To re-install the grub stage1 and stage2 loaders, I ran installgrub (you can get the device to use from ‘zpool status’):

$ /sbin/installgrub /boot/grub/stage1 /boot/grub/stage2 /dev/rdsk/c1t0d0s0

stage1 written to partition 0 sector 0 (abs 16065)
stage2 written to partition 0, 272 sectors starting at 50 (abs 16115)

To ensure that the boot archive was up to date, I ran ‘bootadm update-archive’:

$ bootadm update-archive -f -R /a

Creating boot_archive for /a
updating /a/platform/i86pc/boot_archive

Once these changes were made, I init 6’ed the system and it booted successfully. I’ve created quite a grub cheat sheet over the years (this made recovery a snap), and will post it here once I get it cleaned up.
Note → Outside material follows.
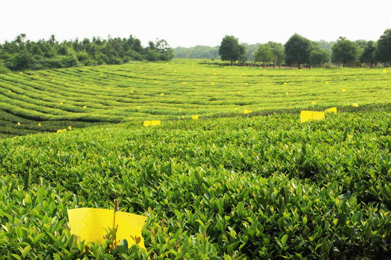十字鋪茶場:黃板誘殺害蟲效果好

Figuring out what a hung Solaris process is doing inside the kernel

I had a a process hang last week on one of my Solaris hosts, and was curious what each thread was doing. The mdb utility is perfect for locating this information, since you an combine pid2proc with the walk and findstack dcmds to get the call stack of each thread in a process (in the example below, I am examining process id 48):

$ mdb -k

> 0t48::pid2proc |::walk thread |::findstack -v
stack pointer for thread ffffff02d6fd1080: ffffff000fac1df0
[ ffffff000fac1df0 _resume_from_idle+0xf1() ]
  ffffff000fac1e20 swtch+0x147()
  ffffff000fac1e80 cv_wait_sig_swap_core+0x170(ffffff02d6fd1256, ffffff02d6fd1258, 0)
  ffffff000fac1ea0 cv_wait_sig_swap+0x18(ffffff02d6fd1256, ffffff02d6fd1258)
  ffffff000fac1ec0 pause+0x48()
  ffffff000fac1f10 sys_syscall32+0x101()
stack pointer for thread ffffff02d6fccc00: ffffff0011184d10
[ ffffff0011184d10 _resume_from_idle+0xf1() ]
  ffffff0011184d50 swtch_to+0xe5(ffffff02eae948e0)
  ffffff0011184db0 shuttle_resume+0x328(ffffff02eae948e0, ffffffffc00c2ed0)
  ffffff0011184e50 door_return+0x21a(fedae9f8, 408, 0, 0, fedaee00, f5f00)
  ffffff0011184ec0 doorfs32+0x134(fedae9f8, 408, 0, fedaee00, f5f00, a)
  ffffff0011184f10 sys_syscall32+0x101()
stack pointer for thread ffffff02d6b18c20: ffffff000ff00d30
[ ffffff000ff00d30 _resume_from_idle+0xf1() ]
  ffffff000ff00d60 swtch+0x147()
  ffffff000ff00db0 shuttle_swtch+0x259(ffffffffc00c2ed0)
  ffffff000ff00e50 door_return+0x242(0, 0, 0, 0, fec9ee00, f5f00)
  ffffff000ff00ec0 doorfs32+0x134(0, 0, 0, fec9ee00, f5f00, a)
  ffffff000ff00f10 sys_syscall32+0x101()
stack pointer for thread ffffff02d6abb400: ffffff000f9dab30
[ ffffff000f9dab30 _resume_from_idle+0xf1() ]
  ffffff000f9dab60 swtch+0x147()
  ffffff000f9dabe0 cv_timedwait_sig_internal+0x1d6(ffffff02d60a30dc, ffffff02d60a30e0, fb24, 0)
  ffffff000f9dac10 cv_timedwait_sig+0x1f(ffffff02d60a30dc, ffffff02d60a30e0, fb24)
  ffffff000f9dac40 kcf_svc_wait+0x86(ffffff000f9dac5c)
  ffffff000f9dacc0 cryptoadm_ioctl+0xe0(9a00000000, 790d, feb91fc0, 100003, ffffff02d5747248, 
  ffffff000f9dade4)
  ffffff000f9dad00 cdev_ioctl+0x45(9a00000000, 790d, feb91fc0, 100003, ffffff02d5747248, 
  ffffff000f9dade4)
  ffffff000f9dad40 spec_ioctl+0x83(ffffff02d68eca00, 790d, feb91fc0, 100003, ffffff02d5747248, 
  ffffff000f9dade4, 0)                
  ffffff000f9dadc0 fop_ioctl+0x7b(ffffff02d68eca00, 790d, feb91fc0, 100003, ffffff02d5747248, 
  ffffff000f9dade4, 0)
  ffffff000f9daec0 ioctl+0x18e(3, 790d, feb91fc0)
  ffffff000f9daf10 sys_syscall32+0x101()
stack pointer for thread ffffff02d69fa540: ffffff000f9c1b30
[ ffffff000f9c1b30 _resume_from_idle+0xf1() ]
  ffffff000f9c1b60 swtch+0x147()
  ffffff000f9c1be0 cv_timedwait_sig_internal+0x1d6(ffffff02d616e5e0, ffffff02d616e5e8, fb24, 0)
  ffffff000f9c1c10 cv_timedwait_sig+0x1f(ffffff02d616e5e0, ffffff02d616e5e8, fb24)
  ffffff000f9c1c40 kcf_svc_do_run+0x7d()
  ffffff000f9c1cc0 cryptoadm_ioctl+0x9b(9a00000000, 790e, 8, 100003, ffffff02d5747248, 
  ffffff000f9c1de4)
  ffffff000f9c1d00 cdev_ioctl+0x45(9a00000000, 790e, 8, 100003, ffffff02d5747248, ffffff000f9c1de4)
  ffffff000f9c1d40 spec_ioctl+0x83(ffffff02d68eca00, 790e, 8, 100003, ffffff02d5747248, 
  ffffff000f9c1de4, 0)
  ffffff000f9c1dc0 fop_ioctl+0x7b(ffffff02d68eca00, 790e, 8, 100003, ffffff02d5747248, 
  ffffff000f9c1de4, 0)
  ffffff000f9c1ec0 ioctl+0x18e(3, 790e, 8)
  ffffff000f9c1f10 sys_syscall32+0x101()



It turns out the issue I encountered was due to a bug, which will hopefully be fixed in the near future.